Records shown START

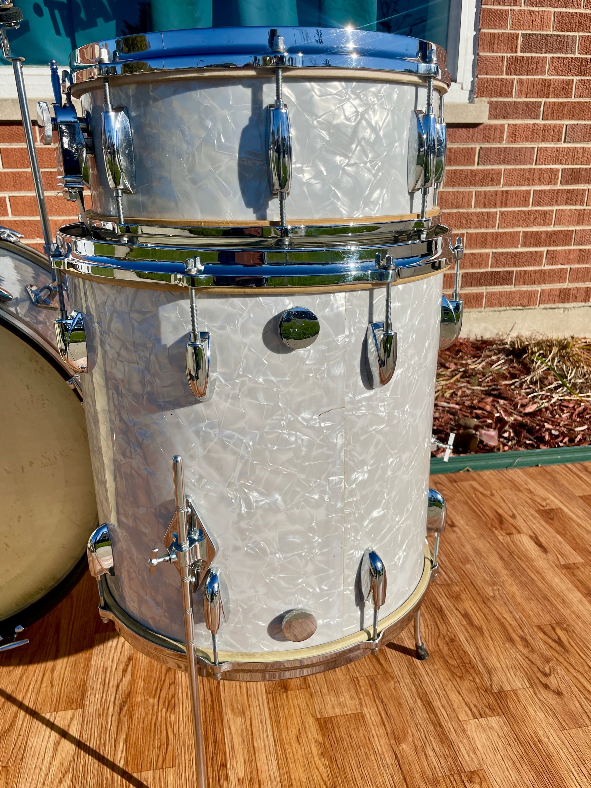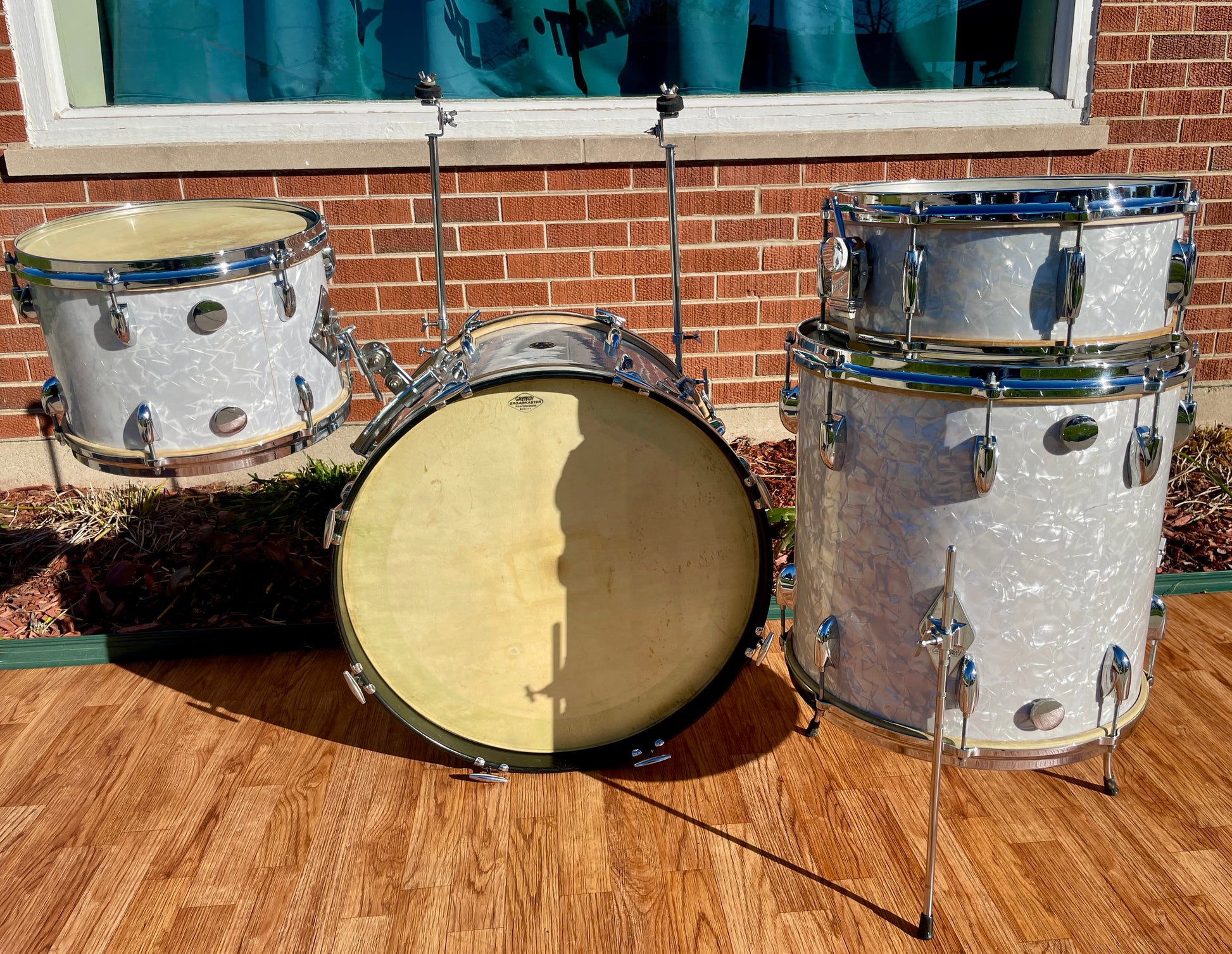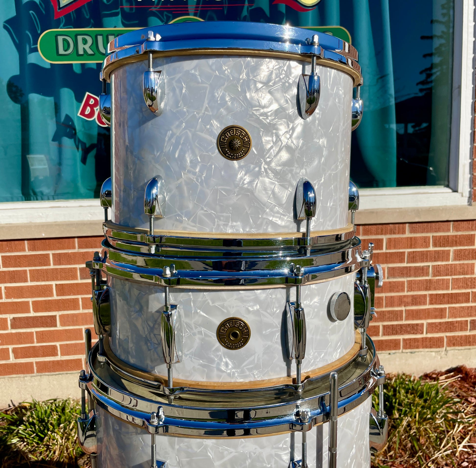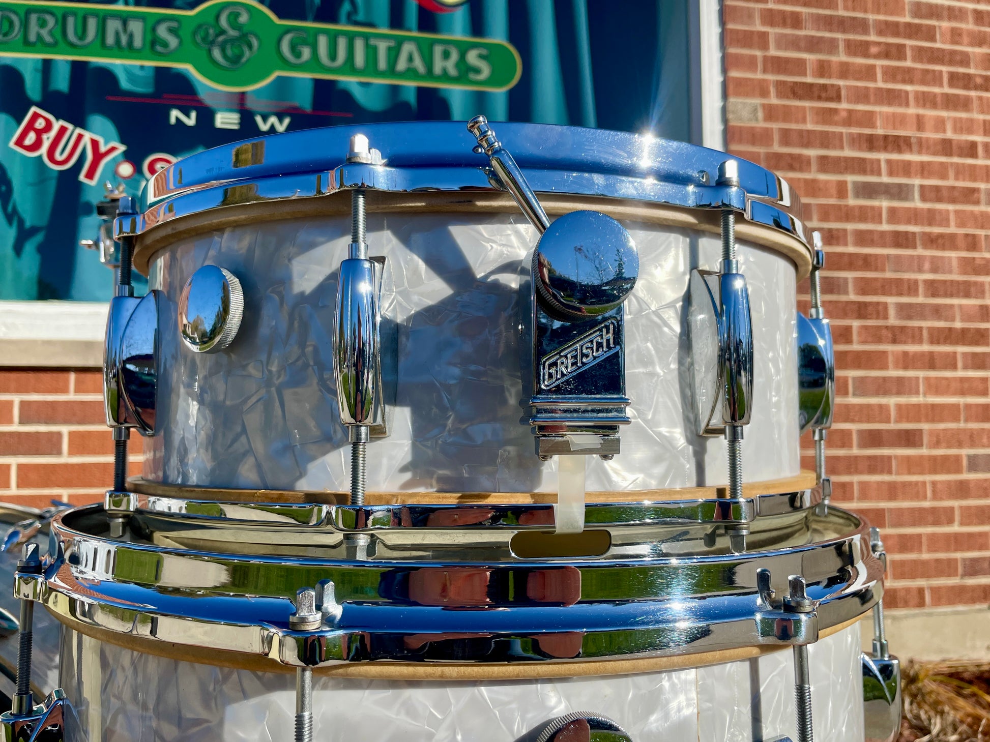 1950s Gretsch 6 ply Round Badge Name Band Outfit Drum Set White Marine Pearl 22/13/16 w/ 5.5x14 Snare
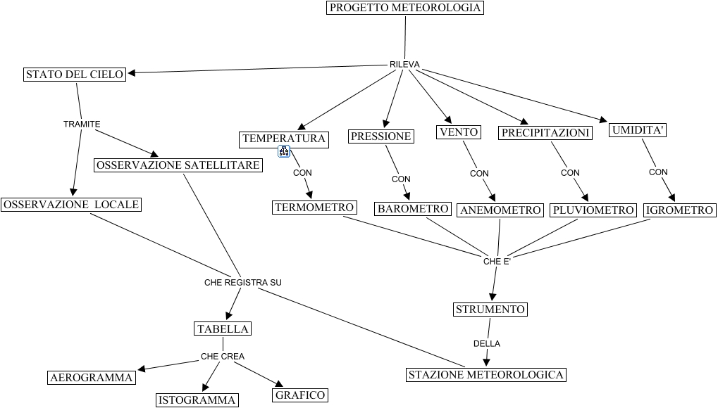 Questa Cmap, creata con IHMC CmapTools, contiene informazioni relative a: METEO, ANEMOMETRO CHE E' STRUMENTO, PROGETTO METEOROLOGIA RILEVA TEMPERATURA, TABELLA CHE CREA GRAFICO, PRESSIONE CON BAROMETRO, TERMOMETRO CHE E' STRUMENTO, STAZIONE METEOROLOGICA CHE REGISTRA SU TABELLA, IGROMETRO CHE E' STRUMENTO, STATO DEL CIELO TRAMITE OSSERVAZIONE LOCALE, OSSERVAZIONE LOCALE CHE REGISTRA SU TABELLA, BAROMETRO CHE E' STRUMENTO, PROGETTO METEOROLOGIA RILEVA VENTO, PROGETTO METEOROLOGIA RILEVA PRESSIONE, TEMPERATURA CON TERMOMETRO, TABELLA CHE CREA AEROGRAMMA, OSSERVAZIONE SATELLITARE CHE REGISTRA SU TABELLA, PROGETTO METEOROLOGIA RILEVA STATO DEL CIELO, PROGETTO METEOROLOGIA RILEVA PRECIPITAZIONI, PROGETTO METEOROLOGIA RILEVA UMIDITA', UMIDITA' CON IGROMETRO, PLUVIOMETRO CHE E' STRUMENTO
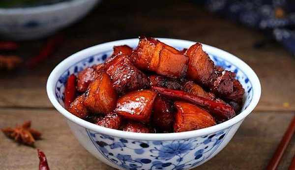 【紅燒肉】用料:帶皮五花肉500克,生薑2片,大蔥1段,香葉1片,八角1個,紅幹椒3-4個,生抽2湯匙,老抽17大匙,料酒2湯匙,冰糖12克,鹽適量。
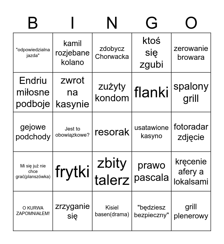This bingo card has a free space and 24 words: frytki, zrzyganie się, zużyty kondom, O KURWA ZAPOMNIAŁEM!, zerowanie browara, "odpowiedzialna jazda", Endriu miłosne podboje, kamil rozjebane kolano, usatawione kasyno, zbity talerz, flanki, gejowe podchody, prawo pascala, kręcenie afery a lokalsami, zwrot na kasynie, "będziesz bezpieczny", fotoradar zdjęcie, zdobycz Chorwacka, spalony grill, Jest to obowiązkowe?, grill plenerowy, Mi się już nie chce grać(planszówka), ktoś się zgubi and Kisiel basen(drama).
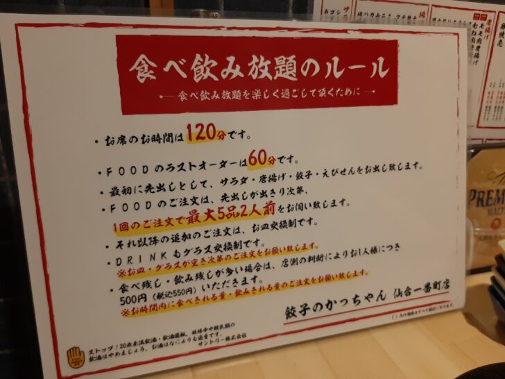『餃子のかっちゃん 仙台一番町店』では、「食べ飲み放題コース」にした場合、「食べ飲み放題のルール」というのがあって、スタート前にお店の方の説明がありました。このルールについてまとめてみました。

Records shown END

All preceding records should be duplicated verbatim, images excepted.

 1950s Gretsch 6 ply Round Badge Name Band Outfit Drum Set White Marine Pearl 22/13/16 w/ 5.5x14 Snare
 Questa Cmap, creata con IHMC CmapTools, contiene informazioni relative a: METEO, ANEMOMETRO CHE E' STRUMENTO, PROGETTO METEOROLOGIA RILEVA TEMPERATURA, TABELLA CHE CREA GRAFICO, PRESSIONE CON BAROMETRO, TERMOMETRO CHE E' STRUMENTO, STAZIONE METEOROLOGICA CHE REGISTRA SU TABELLA, IGROMETRO CHE E' STRUMENTO, STATO DEL CIELO TRAMITE OSSERVAZIONE LOCALE, OSSERVAZIONE LOCALE CHE REGISTRA SU TABELLA, BAROMETRO CHE E' STRUMENTO, PROGETTO METEOROLOGIA RILEVA VENTO, PROGETTO METEOROLOGIA RILEVA PRESSIONE, TEMPERATURA CON TERMOMETRO, TABELLA CHE CREA AEROGRAMMA, OSSERVAZIONE SATELLITARE CHE REGISTRA SU TABELLA, PROGETTO METEOROLOGIA RILEVA STATO DEL CIELO, PROGETTO METEOROLOGIA RILEVA PRECIPITAZIONI, PROGETTO METEOROLOGIA RILEVA UMIDITA', UMIDITA' CON IGROMETRO, PLUVIOMETRO CHE E' STRUMENTO
 【紅燒肉】用料:帶皮五花肉500克,生薑2片,大蔥1段,香葉1片,八角1個,紅幹椒3-4個,生抽2湯匙,老抽17大匙,料酒2湯匙,冰糖12克,鹽適量。
This bingo card has a free space and 24 words: frytki, zrzyganie się, zużyty kondom, O KURWA ZAPOMNIAŁEM!, zerowanie browara, "odpowiedzialna jazda", Endriu miłosne podboje, kamil rozjebane kolano, usatawione kasyno, zbity talerz, flanki, gejowe podchody, prawo pascala, kręcenie afery a lokalsami, zwrot na kasynie, "będziesz bezpieczny", fotoradar zdjęcie, zdobycz Chorwacka, spalony grill, Jest to obowiązkowe?, grill plenerowy, Mi się już nie chce grać(planszówka), ktoś się zgubi and Kisiel basen(drama).
『餃子のかっちゃん 仙台一番町店』では、「食べ飲み放題コース」にした場合、「食べ飲み放題のルール」というのがあって、スタート前にお店の方の説明がありました。このルールについてまとめてみました。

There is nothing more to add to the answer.